The path is old and worn out, its character complete,
A field across the road is where the farmer grows his wheat.

The cars they drive past slowly, to enjoy the view,
And the horses come to speak to me as horses often do.
The clouds touch the landscape at the edge of the scene,
And when it’s good and hot the air smells lush and verdant green.

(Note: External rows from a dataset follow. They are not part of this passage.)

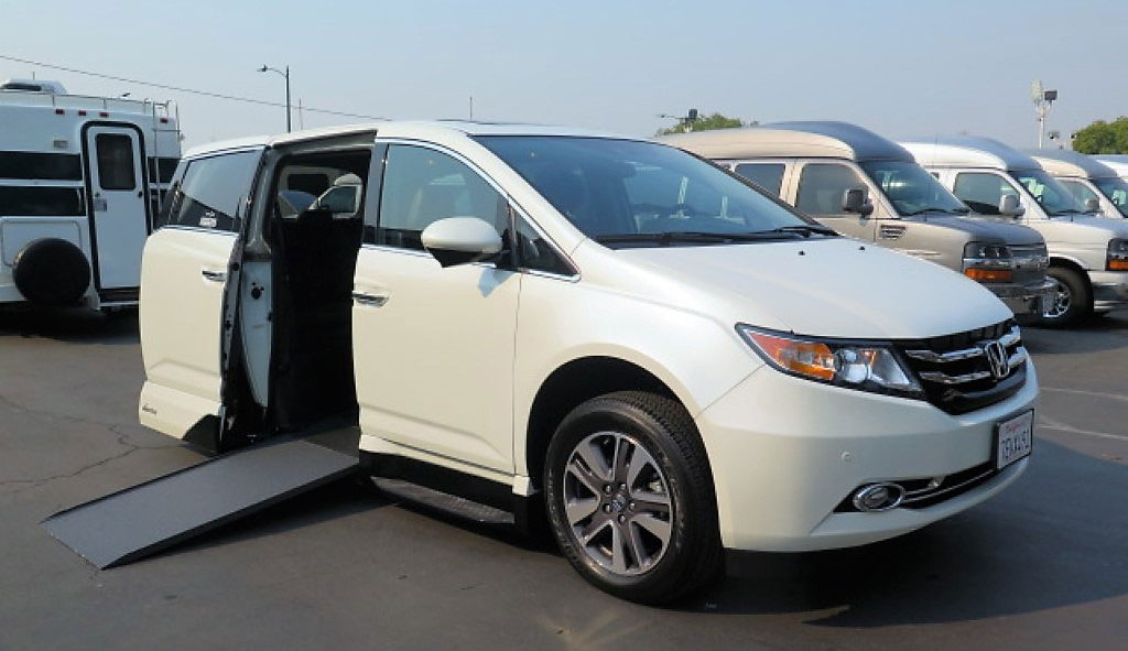 Honda Odyssey wheelchair minivans often come equipped with a ramp that moves and stores in the interior floor. Push a button, and the door automatically powers open.
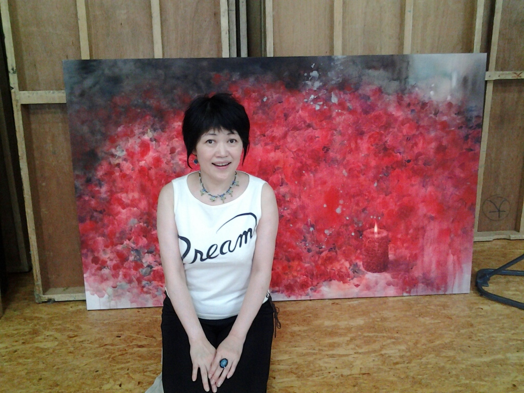個展が終って、彼女のアトリエに行って大きな絵を5枚も借りてしまった。
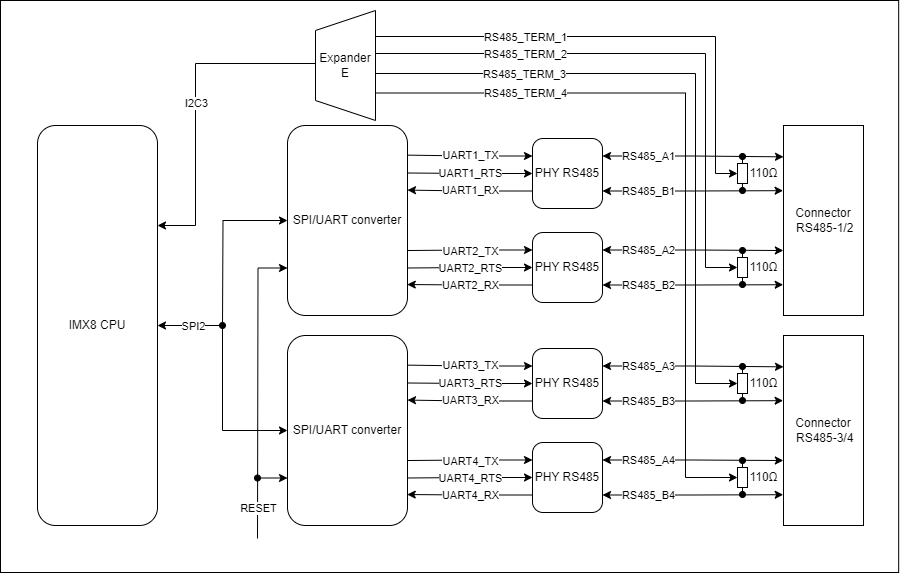 The termination resistors are controlled by signals output from the Expander E connected by the I2C3 interface with the CPU.
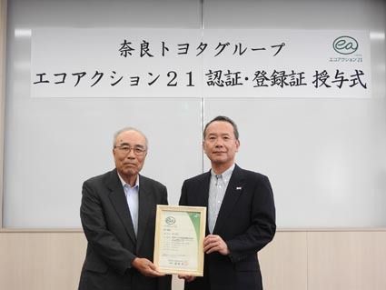 【奈良】奈良トヨタ(菊池攻社長)グループはこのほど、環境省が推進する「エコアクション21」の認証・登録を受けた。今回の登録対象は、奈良トヨタ本社(奈良県田原本町)、トヨタカローラ奈良本社・奈良店(奈良市)、トヨタレンタリース奈良本社・奈良...
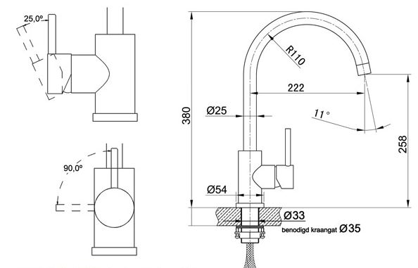 RVS 1-hendel keuken mengkraan hoog met draaibare uitloop keramisch binnenwerk
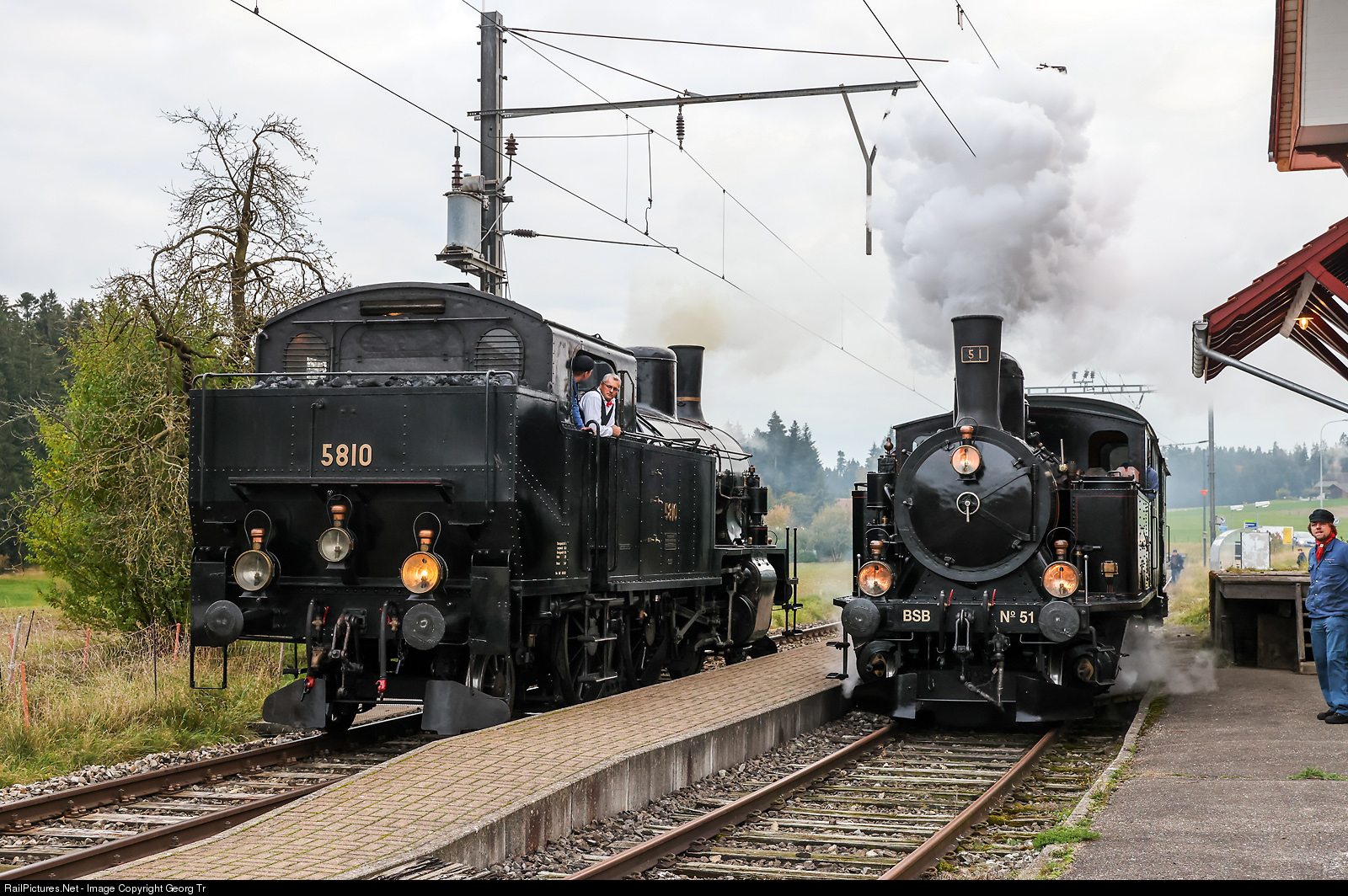 | Meeting in Häusernmoos on the Emmental railway. Steamlocomotives 2-6-2 T Eb 3/5 # 5810 "Habersack" and 2-6-0 T Ed 3/4 # 51 former Bern-Scharzenburg-Bahn (BSB), both owned and operated by the Dampfbahn Bern and based in Konolfingen. |
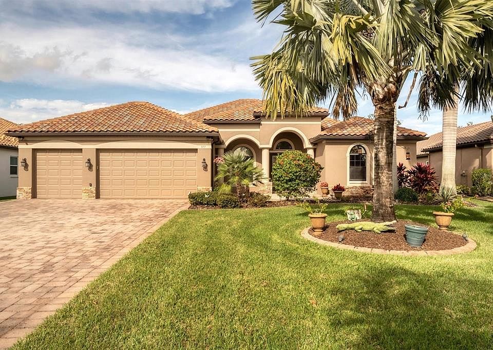 For the discriminating buyer only! The beautifully landscaped entrance welcomes you through glass double front doors into the expansive open floor plan of this meticulously crafted 2,349 Sq Ft, 3-bedroom, 2-bathroom, 3-car garage, pool home, nestled on .34-acres. Marvel at the panorama beneath the 10’ ceilings, enhanced by the striking 11’ trey ceiling in the great room, complemented by sophisticated wood-tile floors spanning the main living areas. Off the great room awaits a culinary haven, showcasing 42” cabinets, stainless steel appliances, tile backsplash, quartz and granite counters, soft-close and dovetail drawers, closet pantry, vented hood, cooktop, and wall ovens. A generously sized island/breakfast bar and eat-in area provide a convenient place for you to enjoy your morning coffee with a spectacular view of the pool and backyard through an aquarium window. Retreat to the Owner’s wing—a private sanctuary with 2 closets, an ensuite bathroom featuring dual sinks, a walk-in shower, an independent Mini Split AC System, and a nursery/den/office. On the opposite side of the home, discover bedroom 2, equipped with a Mini Split AC System, alongside bedroom 3 and the second bathroom. At the heart of the home, sliding glass doors create a seamless flow from the sizable great room to the extended covered lanai, complete with pre-plumbing for an outdoor kitchen, pool with a tranquil waterfall, and ample space for lounging within the spacious screened lanai. Adjacent to the pool area there is large fenced patio area, perfect for your tots outside play area or dog run. Ideal for car/toy enthusiasts, the oversized garage is a standout feature with 8’ high insulated garage doors, an additional 4’ of depth (28'6"x27'), and a lofty ceiling height reaching 10'6". Perfect for boat/car/toy storage or your own workshop. The garage also includes an independent Mini Split AC System, a utility sink, 2 pull-down staircases, a side garage door, custom overhead storage, cabinets lining the garage walls, and a workbench. Additional exterior features include aluminum accordion shutters, an oversized paver drive and walkway, a gutter system running along the home's entire perimeter with 2 French drains, an irrigation system connected to its own private well, and an underground pet fence. This breathtaking home also comes equipped with a built-in security system for added safety. The much-desired Enclave at Country Meadows boasts NO CDD fees, low HOA fees, grants swift access to nearby attractions, amenities, an array of fine dining and shopping options, not to mention 3 international airports. Nature aficionados will find solace in the availability of captivating outdoor spaces, including the Manatee River and Fort Hamer Park, and the award-winning Siesta Key Beach and Anna Maria Island. In essence, The Enclave at Country Meadows invites residents to a peaceful retreat, where luxury intertwines wonderfully with the serenity of its picturesque surroundings. Purchase with confidence as a 1 year home buyers warranty is included.

Foxes dart through the meadow, hungry after sleep,
Eyes peep out between the stems, stealthily they creep.
The birds fly high above, prior to their swoop,
Before they come together in a murmuration group.

Sunset touches landscape as she grows heavy, cool, and tired,
As light leaves the vista, it is time to be inspired.
The cockerel crows it’s late, and he struts and scrapes his feet,
To see a sight as grand as this, I’m so happy on my street.

The moon he shines his silver rays and the meadow is an ocean,
The crop is captured in the wind stirring with emotion.
Brittle light picks out black fur and illuminates white stripe,
A badger becomes frisky and he shrieks a playful gripe.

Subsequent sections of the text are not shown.